Knock-Kneed İle İlgili Cümleler İngilizce Cümle İçinde Kullanımı
Knock-Kneed Nedir?
Knock-kneed, dizleri birbirine değmeyen ve bacakların içe doğru eğilerek durduğu bir postür problemini ifade eder. Bu durum, genellikle kemik veya kas problemleri nedeniyle ortaya çıkabilir.
Örnek Cümleler:
-
He was knock-kneed and couldn’t stand straight.
(Türkçe: O, çarpık bacaklıydı ve düz duramıyordu.)
-
She was born knock-kneed, but physical therapy helped improve her posture.
(Türkçe: O, çarpık bacaklı doğdu, ama fiziksel terapi duruşunu düzeltmeye yardımcı oldu.)
-
He couldn’t ride a bike because his knock-knees kept hitting the handlebars.
(Türkçe: O, çarpık bacakları nedeniyle bisiklete binemiyordu çünkü dizleri gidona çarpıyordu.)
-
She felt self-conscious about her knock-knees and often wore long skirts to cover them up.
(Türkçe: O, çarpık bacaklarından dolayı özgüveni düşüktü ve sık sık onları örtmek için uzun etekler giyerdi.)
-
Despite his knock-knees, he was a talented basketball player.
(Türkçe: Çarpık bacaklarına rağmen, o yetenekli bir basketbol oyuncusuydu.)
-
She had surgery to correct her knock-knees, but the recovery process was long and difficult.
(Türkçe: O, çarpık bacaklarını düzeltmek için ameliyat oldu, ancak iyileşme süreci uzun ve zordu.)
-
He was teased in school because of his knock-knees, but he learned to brush it off.

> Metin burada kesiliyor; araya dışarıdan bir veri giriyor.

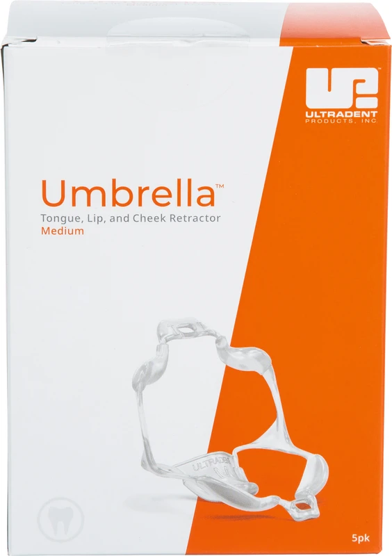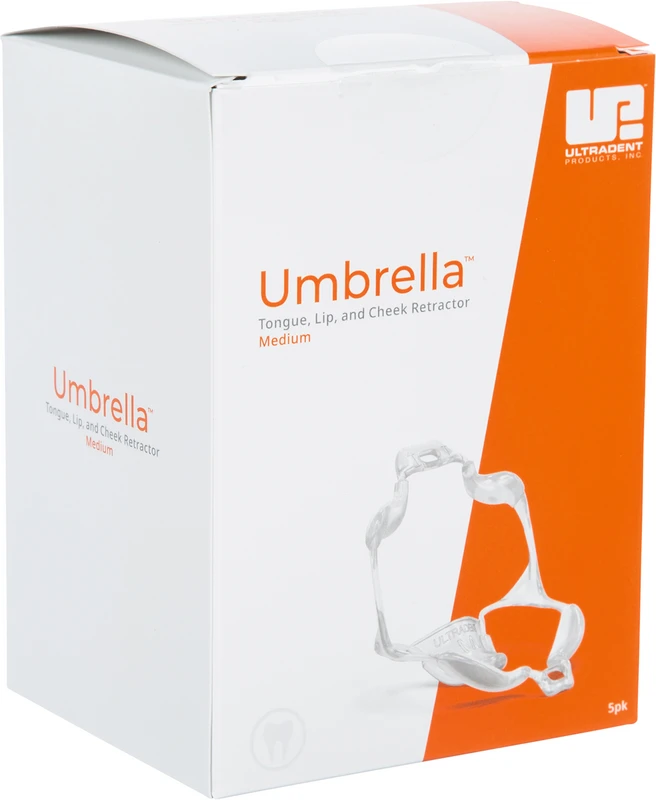 KOMFORTABEL: OPTIMALER ZUGANG UND PRAKTISCHE ISOLATIONDer Umbrella™ Zungen-, Lippen- und Wangenhalter weit mehr als die bloße Retraktion von Weichgewebe.Federunterstützung für eine sanfte, natürliche Öffnung des Mundes ganz ohne Ziehen oder Dehnen der Lippen und Wangen – besonders für Angstpatienten ein unschlagbarer VorteilInnovatives Zungenhalterkonzept: hält die Zunge bequem und zuverlässig zurückSpeichelkanalisierung außerhalb des Zahnbogens: verbesserter Zugang für AbsauginstrumenteKein Verursachen von Würgereizen bei den meisten PatientenAnatomisch geformte Halter: Handablage ohne Beeinträchtigung des PatientenkomfortsEinfache Positionierung im MundBleibt auch bei einer Bisskontrolle zuverlässig in-sit (alternative Anwendung mit Aufbissblock)Hygienisches EinwegproduktFür zahlreiche Indikationen geeignet Inhalt 5 Halter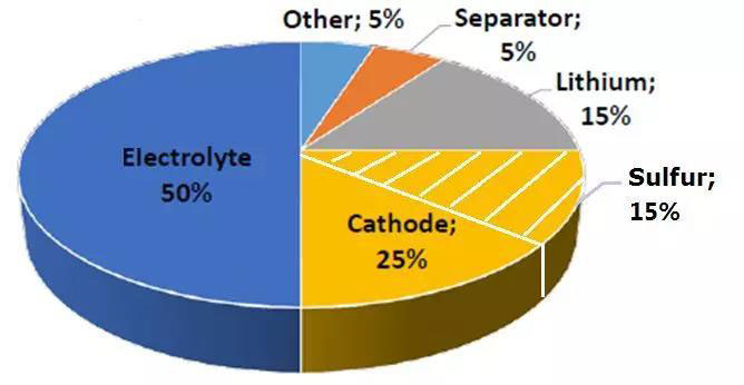 Fig.1 Weight distribution of components in lithium sulfur batteries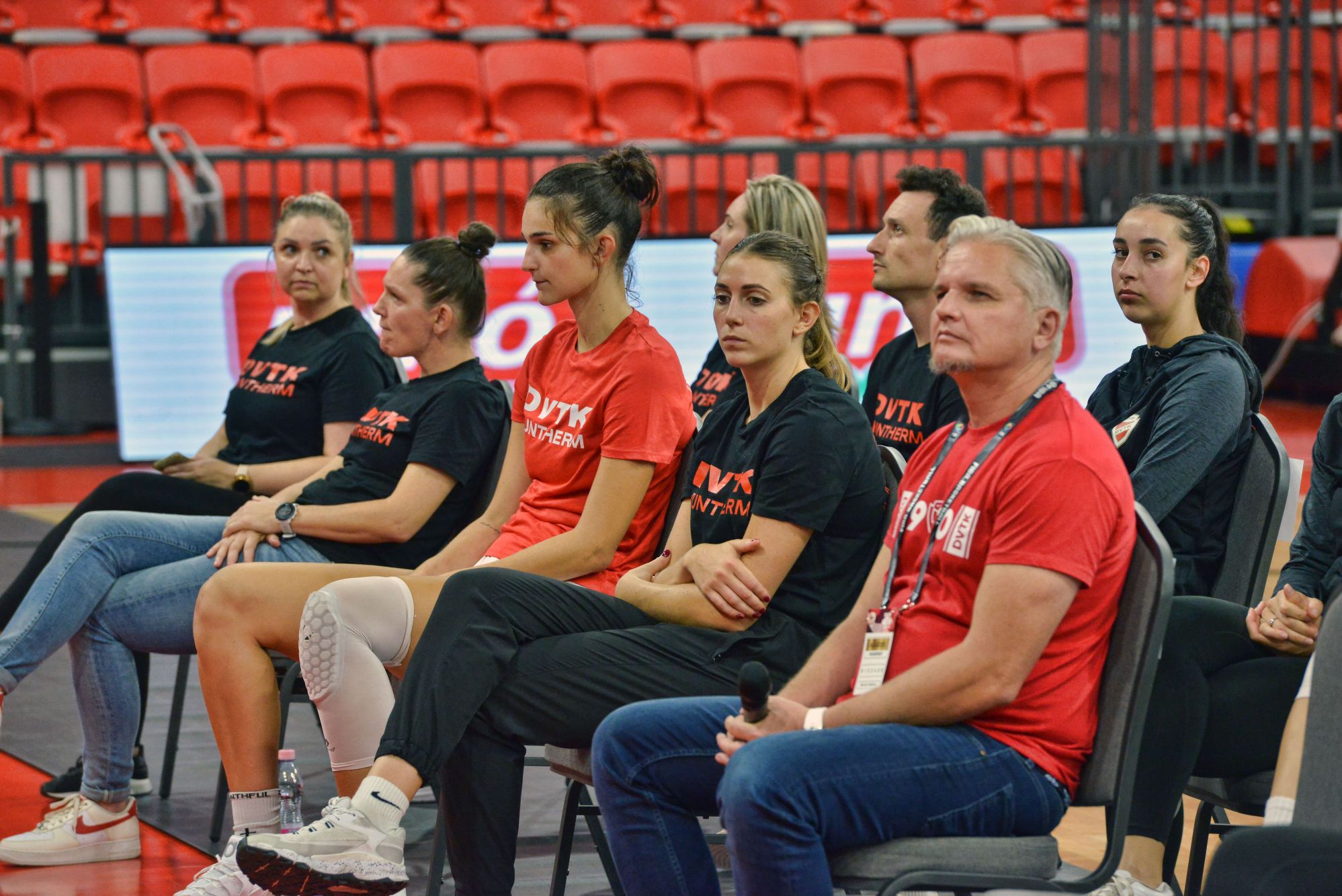 A játékosok közül elsőként Aho Nina ragadta magához a mikrofont. Ekkor derült ki, hogy a betegséggel bajlódó Kányási Veronika csapatkapitányt helyettesíti. Széles mosollyal fordult a publikumhoz: azt kérte, hogy legyenek ismét telt házas meccseik az arénában. Már feldolgozták, amit fel kellett dolgozniuk, és azt ígérte, hogy energiadús csapatjátékot produkálnak majd.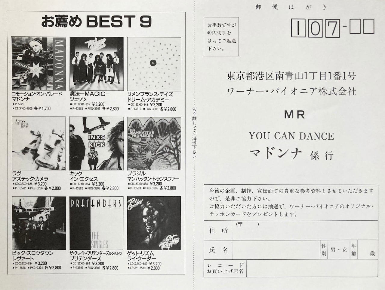 '87年。リミックス・アルバム!代表曲A2 "Holiday"やA3 "Everybody"など7曲を収録。アンケートハガキ付き。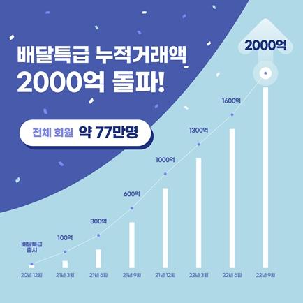 경기도주식회사는 지난 9월 25일 일요일 기준, 배달특급의 총 누적 거래액이 2,000억 원을 넘었다고 27일 밝혔다.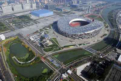 An aerial view of the National Stadium, also known as the Bird's Nest, in this picture taken on August 2, 2008. Located on the Olympic Green, it will hold the competitions of Athletics and Men's Football Finals. [Xinhua]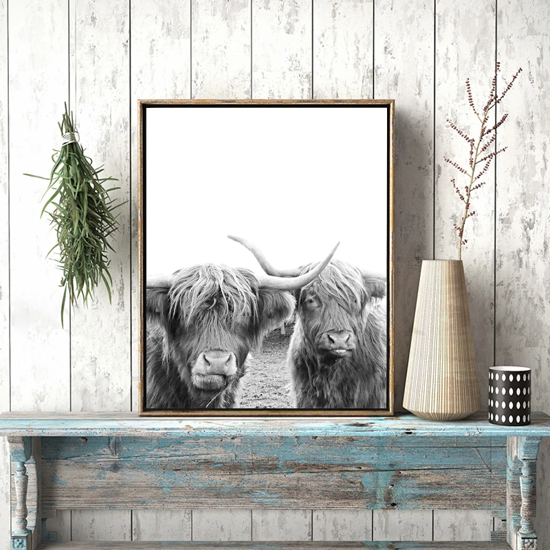 Черно-белая ферма животное Хайленд корова холст печать Шотландия корова постер ферма питомник настенная живопись деревенское украшение картина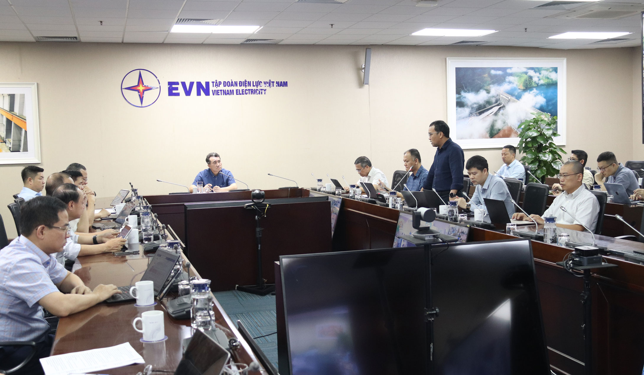 Ông Đặng Huy Cường – Thành viên Hội đồng thành viên EVN chủ trì buổi làm việc. Cùng dự có ông Đinh Thế Phúc - Thành viên Hội đồng thành viên EVN, đại diện các ban chuyên môn EVN, lãnh đạo 9 Tổng công ty trong Tập đoàn, Công ty Mua bán điện (EPTC).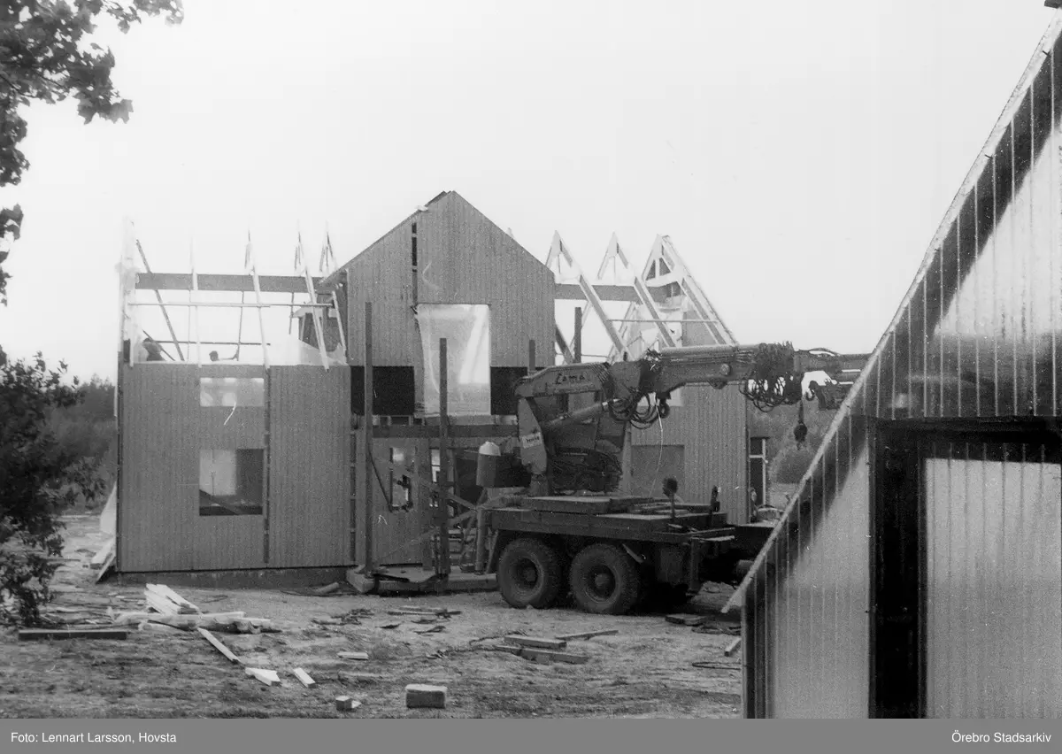 Det nya huset byggs på Yxyabacken i Hovsta, 1981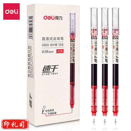 得力S865直液式走珠笔0.38mm全针管(红)(支)r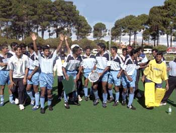 he Indian team does a victory lap with the trophy after the prize distribution. On extreme right (in yellow jersey) is goalkeeper Jude Menezes, who excelled right through the tournament.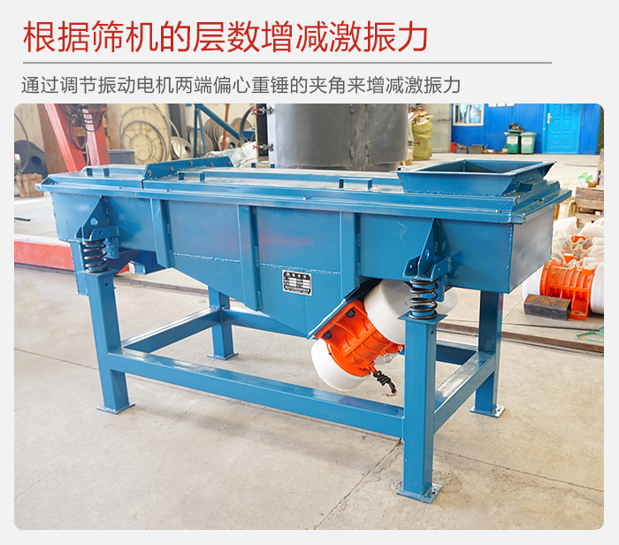 5、用戶(hù)可根據(jù)篩機(jī)的層數(shù),物料比重不同來(lái)增減篩機(jī)的激振力(通過(guò)調(diào)節(jié)振動(dòng)電機(jī)兩端偏心重錘的夾角來(lái)增減激振力),使篩機(jī)達(dá)到最佳的篩分效果。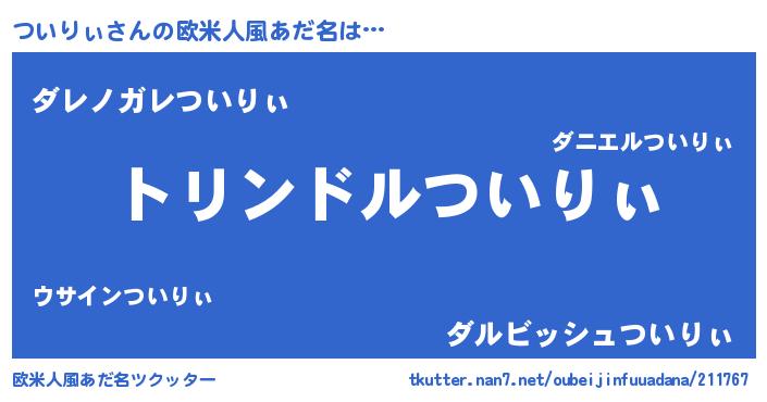 | ヘコむあだ名 | 『ついりぃ(笑)』『ついっちょ』 |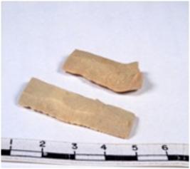 | Description / विवरण | A fragment of a rectangular shaped chert blade showing dorsal sides with sharp edges having smooth surface and triangular section. |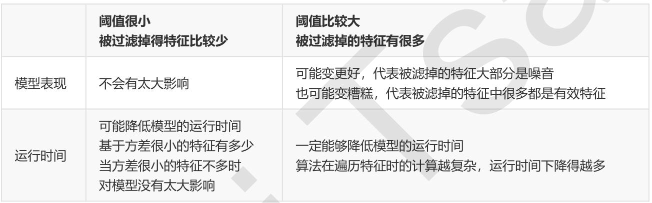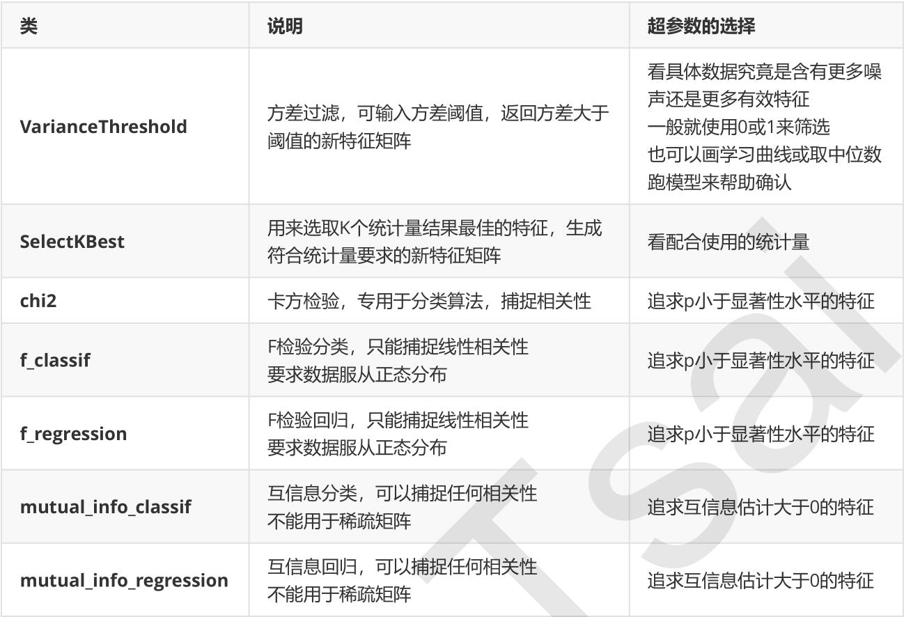 到这里我们学习了常用的基于过滤法的特征选择,包括方差过滤,基于卡方,F检验和互信息的相关性过滤,讲解了各个过滤的原理和面临的问题,以及怎样调这些过滤类的超参数。通常来说,我会建议,先使用方差过滤,然后使用互信息法来捕捉相关性,不过了解各种各样的过滤方式也是必要的。所有信息被总结在下表,大家自取: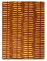 This rug design is inspired by the African tradition of mudcloth dying. I was fascinated with both the mudcloth dying process, as well as the beautiful natural colors and patterns achieved by using this technique. This fabric dying tradition comes from northern Africa and is a tradition that dates back to the 12th century. The process involves weaving together thin strips of plain fabric and dying them in a bath of leaves and branches. After the first layer of fabric dye dries, beautiful patterns are painted on the cloth with mud. After the mud dries it changes color from dark brown, black or gray depending on the type of mud used. The designs painted on the cloth are used to tell stories, some relating to family traditions and others having more generalized meanings. In my rug design the main shapes I use are triangles. Triangles are important to

(Türkçe: O, çarpık bacakları nedeniyle okulda alay edildi, ama buna aldırmayı öğrendi.)
-
She had to wear special shoes to help support her knock-knees.
(Türkçe: O, çarpık bacaklarını desteklemek için özel ayakkabılar giymek zorundaydı.)
-
He tried yoga to improve his knock-kneed posture, and it helped tremendously.
(Türkçe: O, çarp
ık bacaklı duruşunu düzeltmek için yoga denedi ve bu çok yardımcı oldu.)
-
She always felt self-conscious in shorts because her knock-knees were so noticeable.
(Türkçe: O, çarpık bacakları çok belirgin olduğu için şort giydiğinde her zaman özgüvensiz hissederdi.)
-
He saw a physical therapist to help correct his knock-knees, and it made a big difference.
(Türkçe: O, çarpık bacaklarını düzeltmek için bir fizyoterapist gördü ve bu büyük fark yarattı.)
-
She had trouble finding pants that fit properly because of her knock-knees.
(Türkçe: O, çarpık bacakları nedeniyle pantolon bulmakta zorlanıyordu.)
-
He was embarrassed about his knock-knees and avoided wearing shorts in public.
(Türkçe: O, çarpık bacaklarından utanıyordu ve halka açık yerlerde şort giymekten kaçınıyordu.)
-
She had to undergo physical therapy to improve her knock-kneed gait.
(Türkçe: O, çarpık bacaklı yürüyüşünü düzeltmek için fiziksel terapi görmek zorunda kaldı.)
-
He always felt like he stood out in a crowd because of his knock-knees.
(Türkçe: O, çarpık bacakları nedeniyle kalabalıkta öne çıktığını hissederdi.)
-
She was hesitant to try running because of her knock-knees, but eventually overcame her fear.
(Türkçe: O, çarpık bacakları nedeniyle koşmayı denemekte tereddüt etti, ancak sonunda korkusunu yenmeyi başardı.)
-
He had surgery to correct his knock-knees, and it was a life-changing decision for him.
(Türkçe: O, çarpık bacaklarını düzeltmek için ameliyat oldu ve bu onun için hayatını değiştiren bir karar oldu.)
-
She was always self-conscious about her knock-knees, but her friends never seemed to notice.
(Türkçe: O, çarpık bacaklarından dolayı her zaman özgüvensizdi, ama arkadaşları asla fark etmedi.)